▶ Description of the task: Would you retype exactly the lines below, starting with the one that has "Merry Christmas illustration" and going on through the one that has "Khordha (27 km)", with no pictures and nothing else?

▶ Records for processing:
☆ ☆ ☆ ☆ ☆

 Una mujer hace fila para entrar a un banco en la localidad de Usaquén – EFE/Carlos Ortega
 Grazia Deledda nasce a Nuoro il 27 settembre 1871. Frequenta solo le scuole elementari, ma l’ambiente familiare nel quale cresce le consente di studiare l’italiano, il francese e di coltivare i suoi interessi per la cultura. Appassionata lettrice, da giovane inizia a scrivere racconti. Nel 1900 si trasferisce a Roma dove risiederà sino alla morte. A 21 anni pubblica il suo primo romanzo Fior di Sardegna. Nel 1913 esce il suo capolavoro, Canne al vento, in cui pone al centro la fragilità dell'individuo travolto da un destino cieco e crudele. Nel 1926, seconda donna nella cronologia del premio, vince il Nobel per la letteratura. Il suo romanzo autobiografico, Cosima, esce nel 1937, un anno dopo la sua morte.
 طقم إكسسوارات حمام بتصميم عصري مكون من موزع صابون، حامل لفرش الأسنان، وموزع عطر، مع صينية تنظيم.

☆ ☆ ☆ ☆ ☆

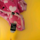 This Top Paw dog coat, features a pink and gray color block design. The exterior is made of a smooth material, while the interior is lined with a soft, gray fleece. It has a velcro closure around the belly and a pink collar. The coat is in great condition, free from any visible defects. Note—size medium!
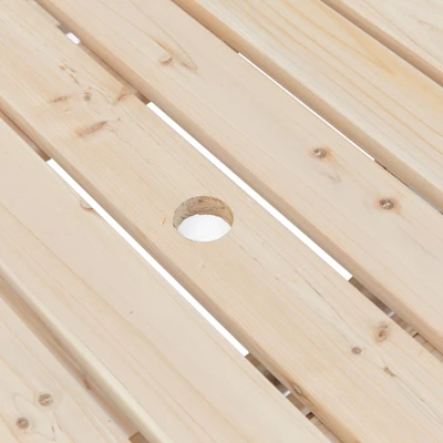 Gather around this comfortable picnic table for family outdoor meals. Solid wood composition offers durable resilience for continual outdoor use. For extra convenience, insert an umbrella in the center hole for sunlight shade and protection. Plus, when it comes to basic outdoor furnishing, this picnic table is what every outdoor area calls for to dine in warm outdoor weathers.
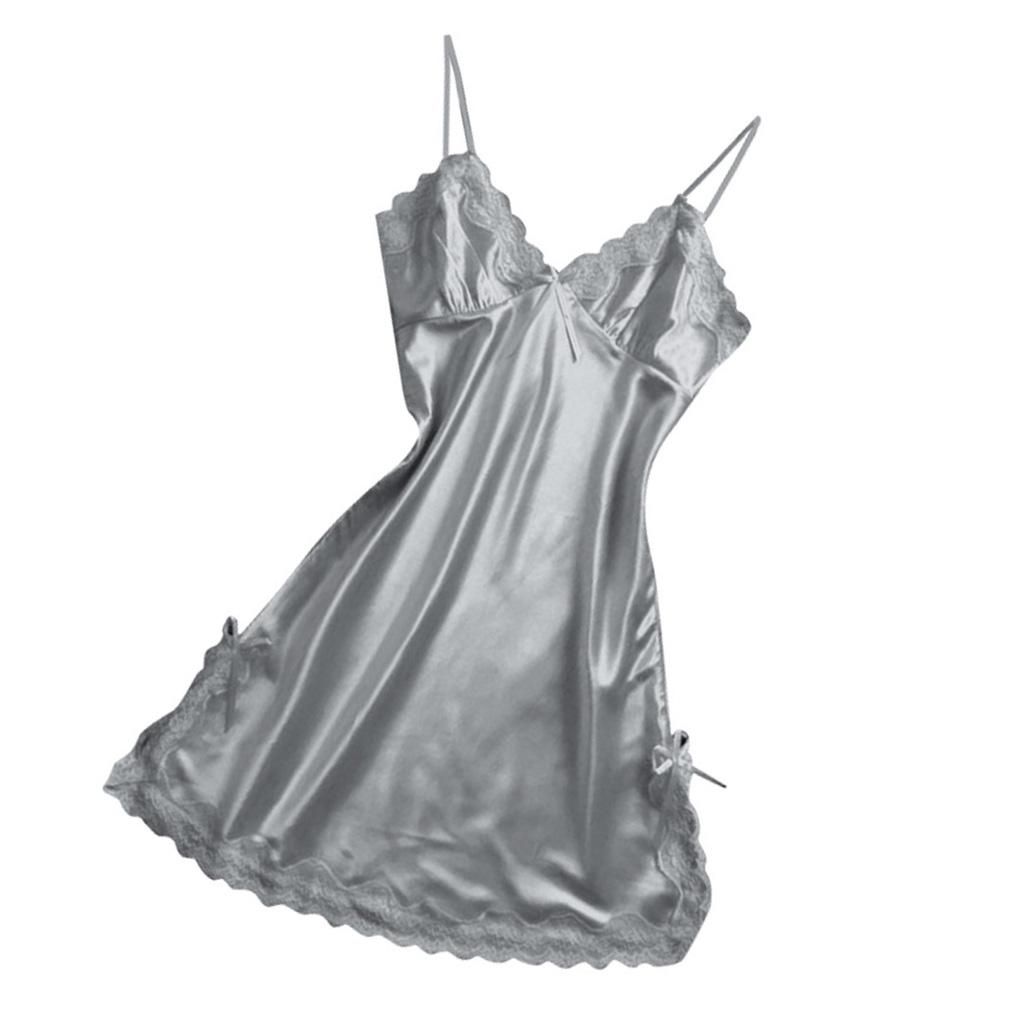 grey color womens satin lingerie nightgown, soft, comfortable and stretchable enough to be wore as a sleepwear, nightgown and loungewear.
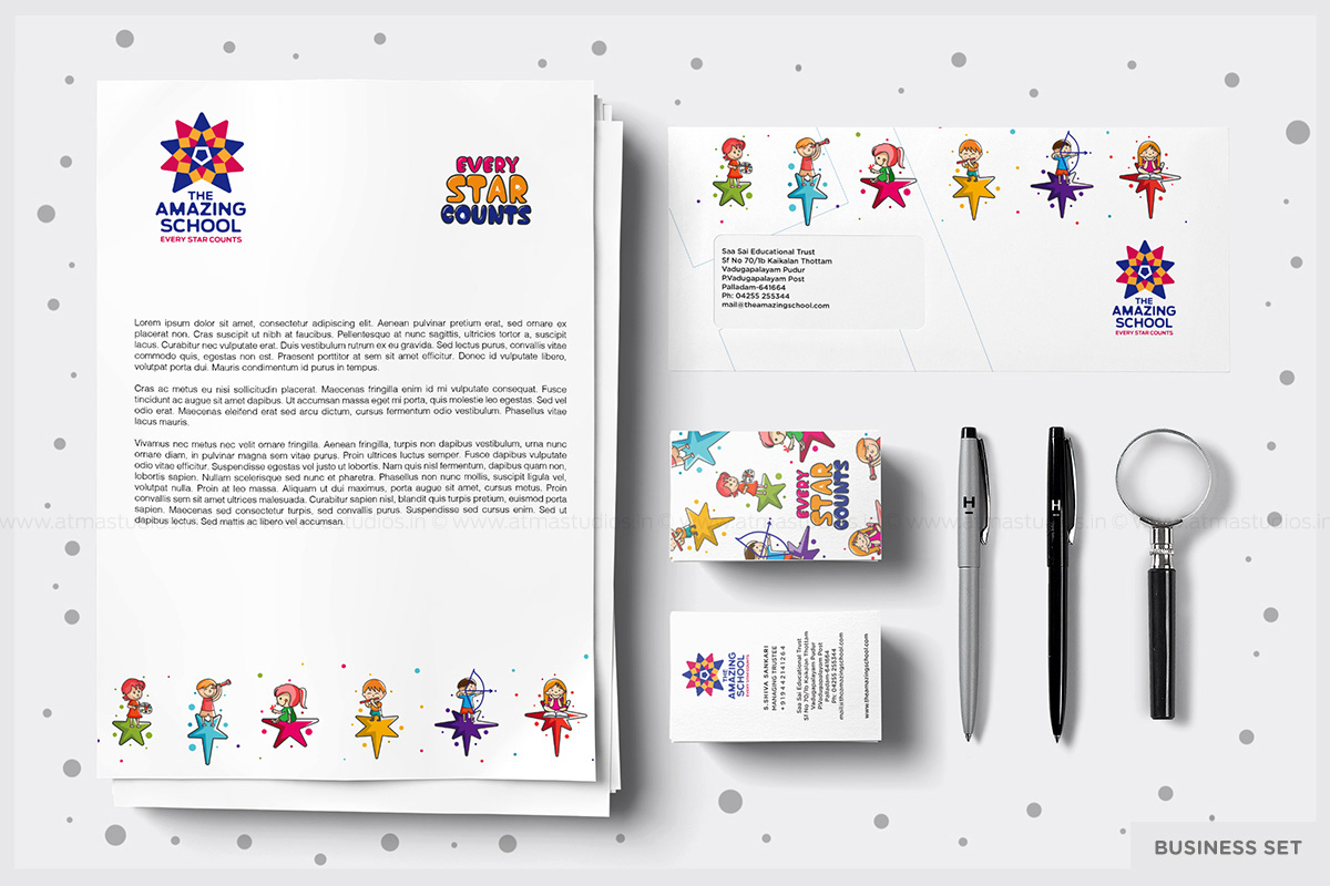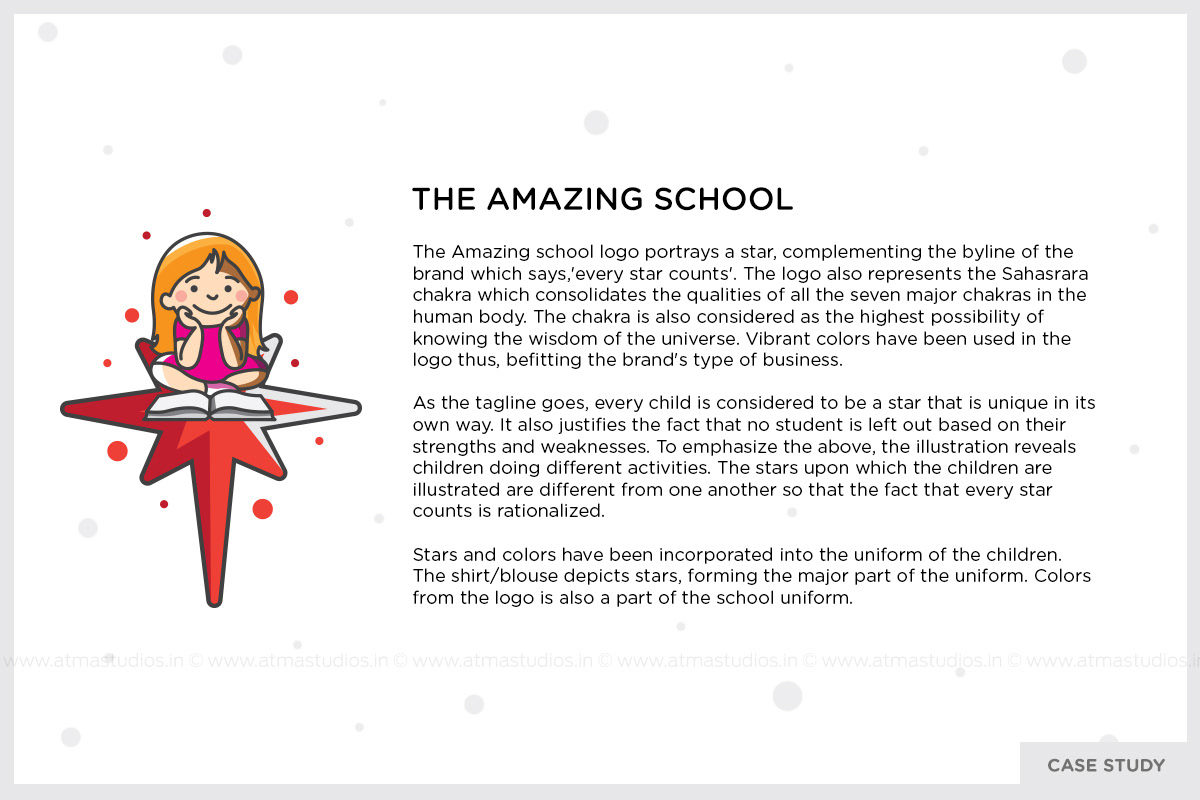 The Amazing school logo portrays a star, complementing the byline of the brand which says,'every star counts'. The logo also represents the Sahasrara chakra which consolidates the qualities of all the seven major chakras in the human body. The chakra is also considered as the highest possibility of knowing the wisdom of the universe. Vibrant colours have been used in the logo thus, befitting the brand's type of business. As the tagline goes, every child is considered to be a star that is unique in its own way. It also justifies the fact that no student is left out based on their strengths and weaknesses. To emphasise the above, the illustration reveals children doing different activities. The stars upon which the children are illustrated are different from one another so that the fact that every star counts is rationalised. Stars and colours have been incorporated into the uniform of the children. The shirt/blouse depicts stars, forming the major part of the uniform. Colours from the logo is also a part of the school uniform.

☆ ☆ ☆ ☆ ☆

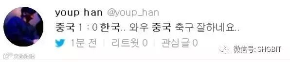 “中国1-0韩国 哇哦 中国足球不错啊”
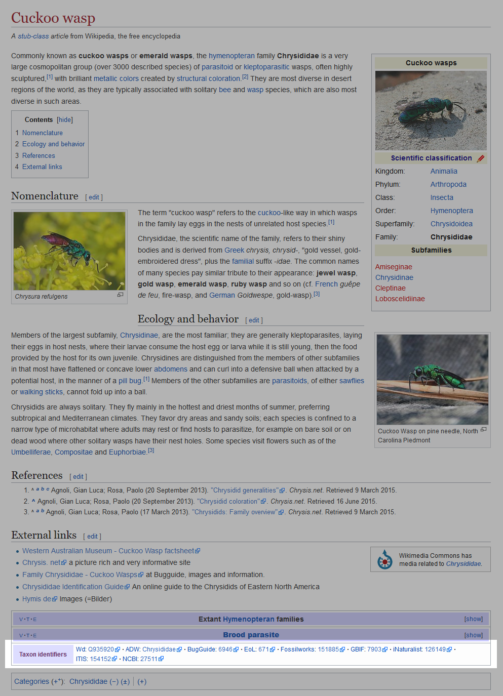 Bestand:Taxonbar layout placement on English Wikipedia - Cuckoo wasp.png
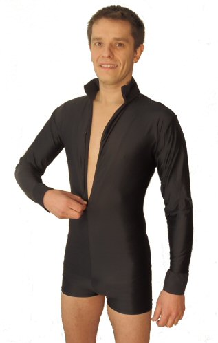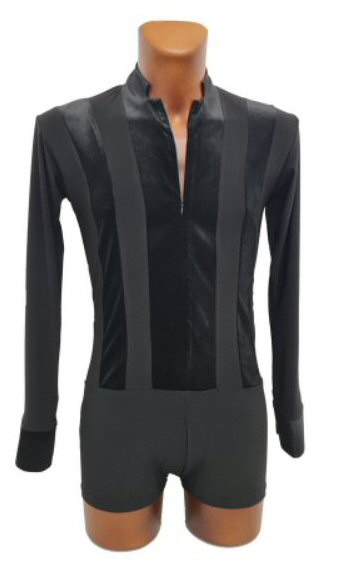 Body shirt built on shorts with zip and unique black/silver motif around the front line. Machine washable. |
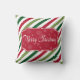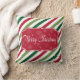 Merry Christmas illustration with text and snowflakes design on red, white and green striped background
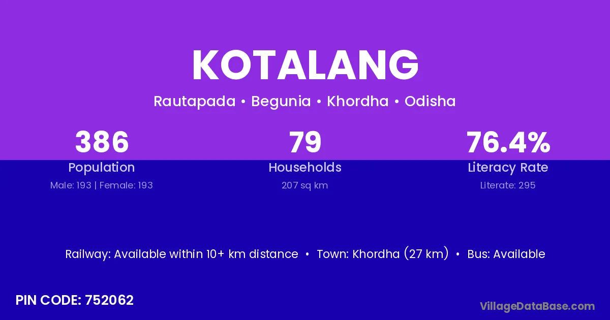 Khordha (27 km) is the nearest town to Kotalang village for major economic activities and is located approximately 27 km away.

☆ ☆ ☆ ☆ ☆

▶ Exercise output:
 Merry Christmas illustration with text and snowflakes design on red, white and green striped background
 Khordha (27 km) is the nearest town to Kotalang village for major economic activities and is located approximately 27 km away.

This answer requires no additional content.